WHERE S.city-name = C.city-name AND C.region-id = R.region-id

a. Suggest a query execution plan for this query. Specify which join algorithms you’re using at every point. Estimate the cost of the plan using the formulas given in class.

b. The original database does not contain indexes. As a database administrator, choose one index that you think will have most impact on performance, and show a query plan that will utilize this index. Estimate the cost of your proposed plan.

Note that city-name is NOT a key of City. Remember to make explicit any assumptions you are making.

4. [20 points] Consider the following schema. Note that in this schema, every purchase involves a single book.

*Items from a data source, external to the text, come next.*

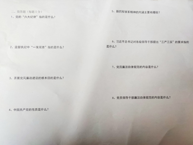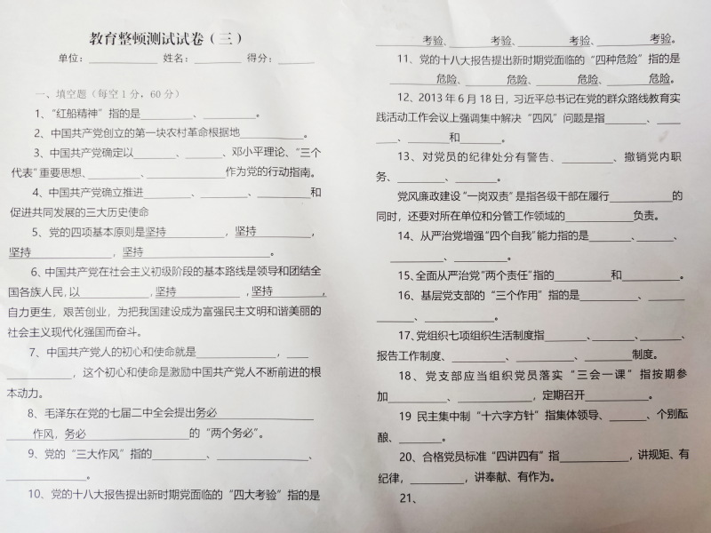 在測試前,派出所對廣大干警和聯防隊員進行了一次黨史的集中學習和輔導,輔導結束后,測試采用限時的形式進行,內容主要包括黨史、新中國史、改革開放史、社會主義發展史等。測試形式以填空題、簡答題兩種形式。在夜校考試現場大家專心致志認真答題,遵守紀律,考試氣氛濃厚。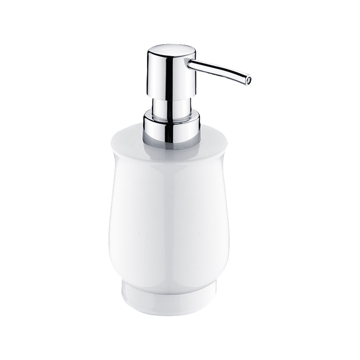Ceramic soap dispenser. Volume 300 ml. Plastic pump. Chrome surface finish.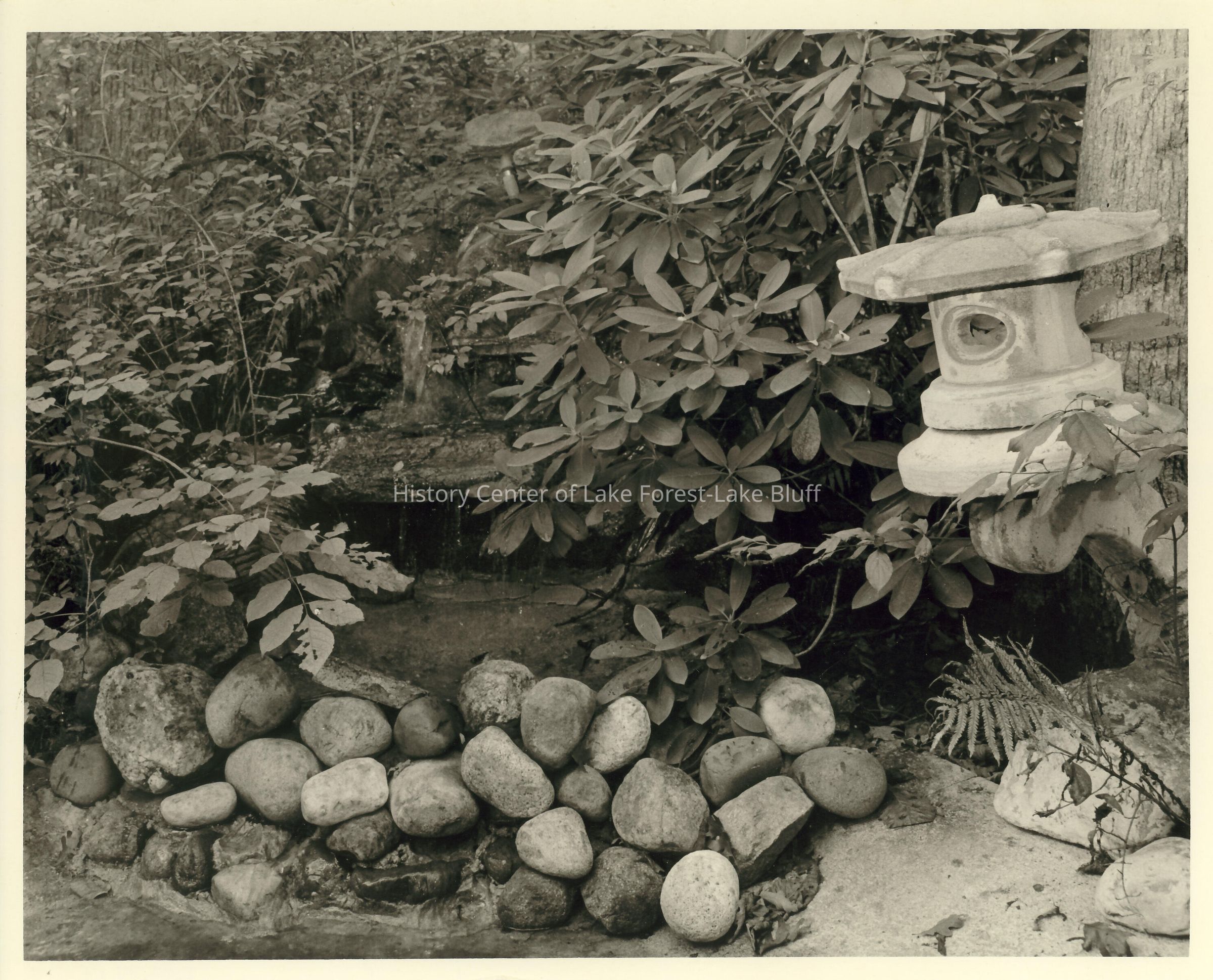outdoor Japanese lantern sculpture and fountain waterfall in one corner of the garden.
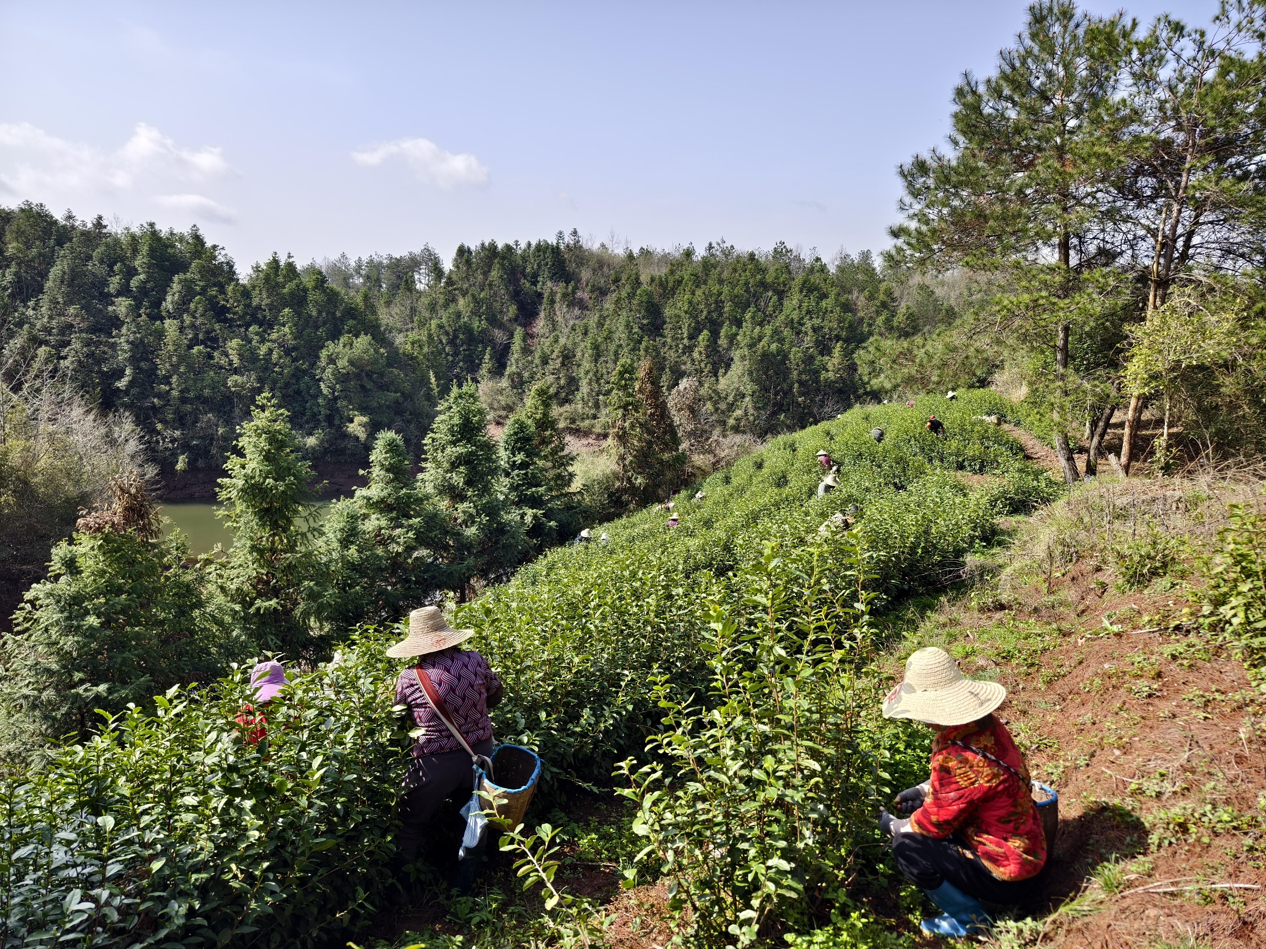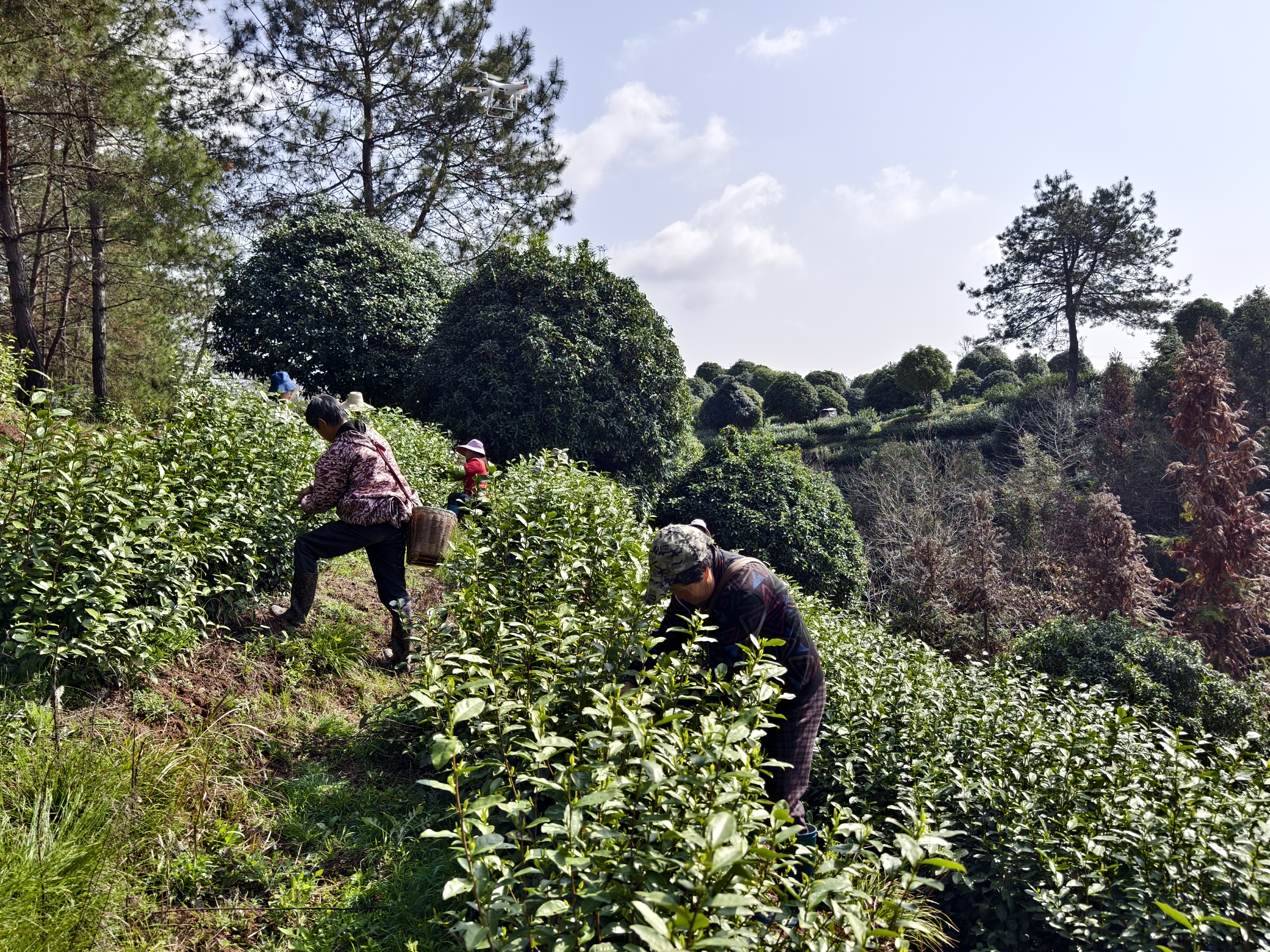 此次茶园开采的茶叶为无性系优质良种茶叶,首茬春茶因其茶香馥郁、茶味醇正,深受市场喜爱。40多名茶农们正背着竹篓穿梭在茶山间,抢抓时机,熟练地采摘春茶。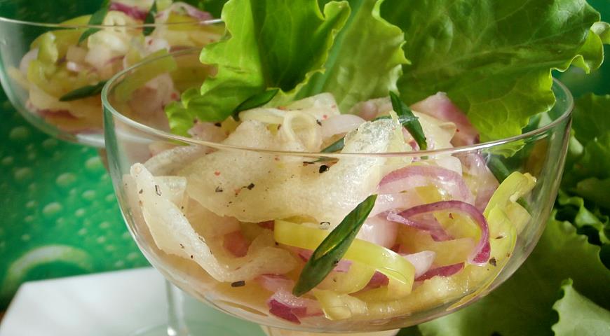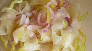 - Limpiamos el pimiento verde del tallo, las semillas y las particiones. Cortar en medias anillas. Mezcle suavemente el pimiento, la cebolla y las cintas. melones Probamos con sal, agregamos más, si es necesario.
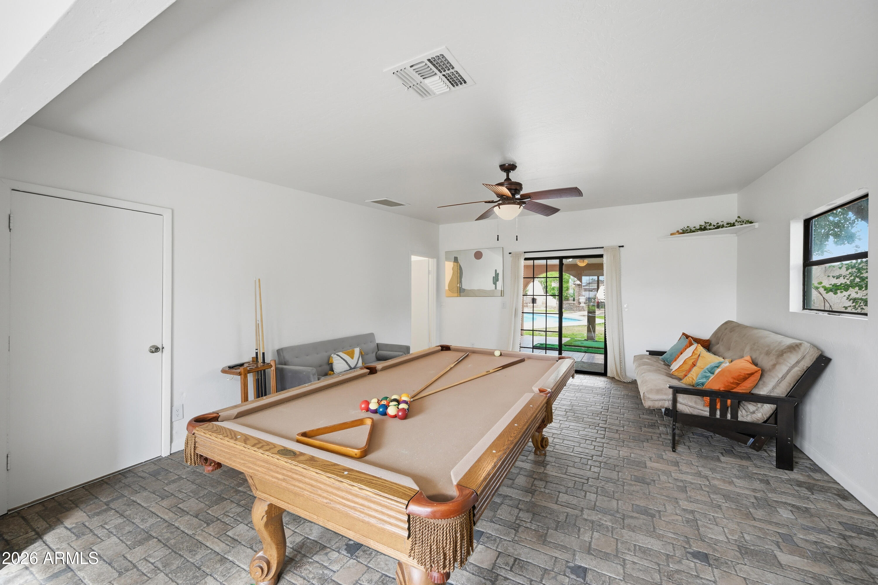 Inside, you'll find arched entryways, an inviting eat-in kitchen with breakfast bar, and a spacious game room complete with a pool table. Currently operating as a successful Airbnb, this property can be sold furnished, making it a seamless turnkey investment or private getaway.

Books (ISBN, Title, AuthorID, PublisherID, SubjectArea, Price)

Authors (AuthorID, AuthorName, Nationality, LitGenre)

Bookstores (StoreID, StoreName, Address)

Publishers (PublisherID, PublisherName, Address)

Customers (SSN, CustomerName, PurchaseID)

Purchases (PurchaseID, ISBN, StoreID, Month)

Availability (ISBN, StoreID, Quantity)

Let Q be the query that lists the customer names and the total amount of money spent on books (at any store) by each customer who bought more than two books at Barnes & Noble this month.

Consider the following views:

CREATE VIEW V1 AS

SELECT SSN, StoreName, Sum(Price) as SumPurchases, Count(*) as NumPurchases

FROM Customers C, Purchases P, Books B, Bookstores S

WHERE C.PurchaseID=P.PurchaseID AND

P.ISBN = B.ISBN AND

P.StoreID = S.StoreID

GROUP BY SSN, StoreName

CREATE VIEW V2 AS

SELECT SSN, StoreName, Sum(Price) as SumPurchases, Count(*) as NumPurchases

FROM Customers C, Purchases P, Books B, Publishers Pb, Bookstores S

WHERE C.PurchaseID=P.PurchaseID AND

P.ISBN = B.ISBN AND

P.StoreID = S.StoreID AND

Pb.PublisherID=B.PublisherID AND

PublisherName=”Addison Wesley”

GROUP BY SSN, StoreName

a. Can the query Q be written using the view V 1? If so, show how. Otherwise, argue why not.

b. Same for V2.